In answer to the question, "Do you believe in the Church?" I suppose the answer is, "Believe in it? Hell, I go to one!" All Church is local. Here is my local church most of the time.

Now, however, I am at General Convention where with some 1000 other lay people, clergy and bishops we constitute the legislature of The Episcopal Church. General Convention is an odd sort of gathering, part legislature, part educational and inspirational event, part tribal gathering, part focus for energies - joyful and angry, good and bad - that have arisen from experiences of church elsewhere. Everyone brings a bit of their local church with them to this ten to twelve day meeting. There are lots of agendas, not all easy to fulfill or pleasant to behold. But we are here, along with hundreds more who are drawn here by the light, or smoke, or cloud.
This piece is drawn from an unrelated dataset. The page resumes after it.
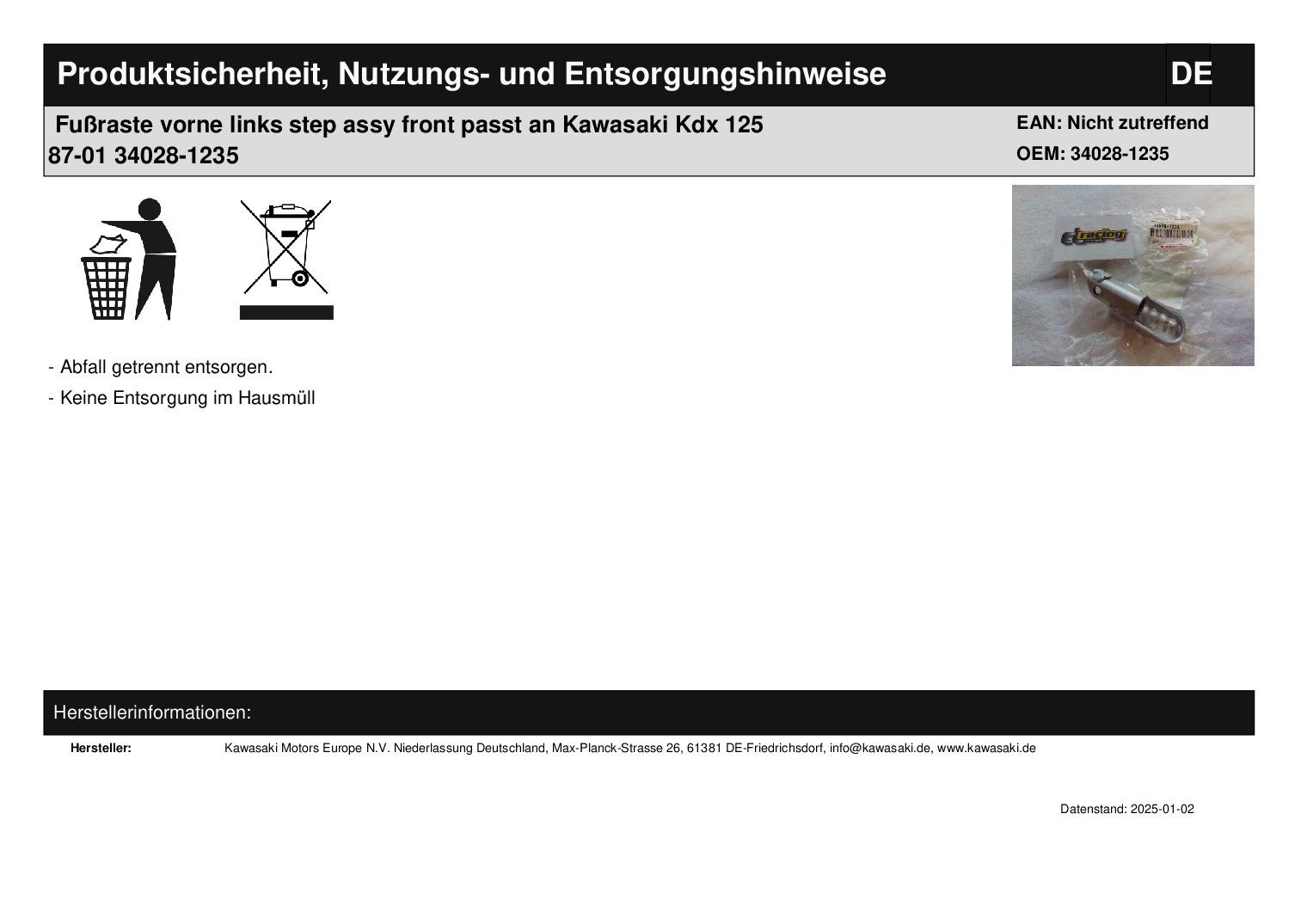 In dieser Auktion gibt es folgenden Artikel zu kaufen: Fußraste vorne (siehe Foto) Modell: passend für Kawasaki KDX 125 Bj.: 87 - 01 Lieferumfang: siehe Foto Artikelzustand: neu aus Geschäftsauflösung, mit minimalen Lagerspuren; Zustand siehe Foto Bei Unklarheiten oder Fragen bitte erst E-Mail schreiben.

The thing is, while we are here, and when we gather for prayer and praise, for struggle and delight, we are church here. For those of us at General Convention, this is church. All church is local and oddly and strangely, our meeting at General Convention becomes church. It is a short lived experience, and perhaps we can be forgiven if, in trying to cram so much into so little time, the experience of church seems grand, sometimes glorious and sometimes silly. It's a big church gathering, but it is after all local to those of us there. It is where we go to church.

In all the run up to General Convention, with the reporters and the prophets on hand to tell us just what strange, wonderful, or awful things are going to transpire, there is little mention of what seems to be a well kept secret: It is just Church. Nothing you can't find in your own church. I find that assuring.

In a way it is like the assurance that comes with the Book of Common Prayer and the burial office. The deal is, the Queen gets more music, bigger choir, more processions, greater thunder, etc, at her funeral than I do at mine. But we get buried with more or less the same words and are commended to God with the same finality. It is, after all, church, and all church is local.

What we do at General Convention has effect on what we do in our local parishes and what the whole Church does in its witness, but what we
are at General Convention is no different than what we are werever there is church. And we will learn to pass the peace and share Eucharist with the same range of peculiar people we find wherever two are three are gathered, even if in this case there are two or three thousand gathered.



9 comments:

  1. "The Queen"? They've crowned Michelle Obama? Nancy Reagan? Hilary?
    Didn't we become a republic about 230 years ago?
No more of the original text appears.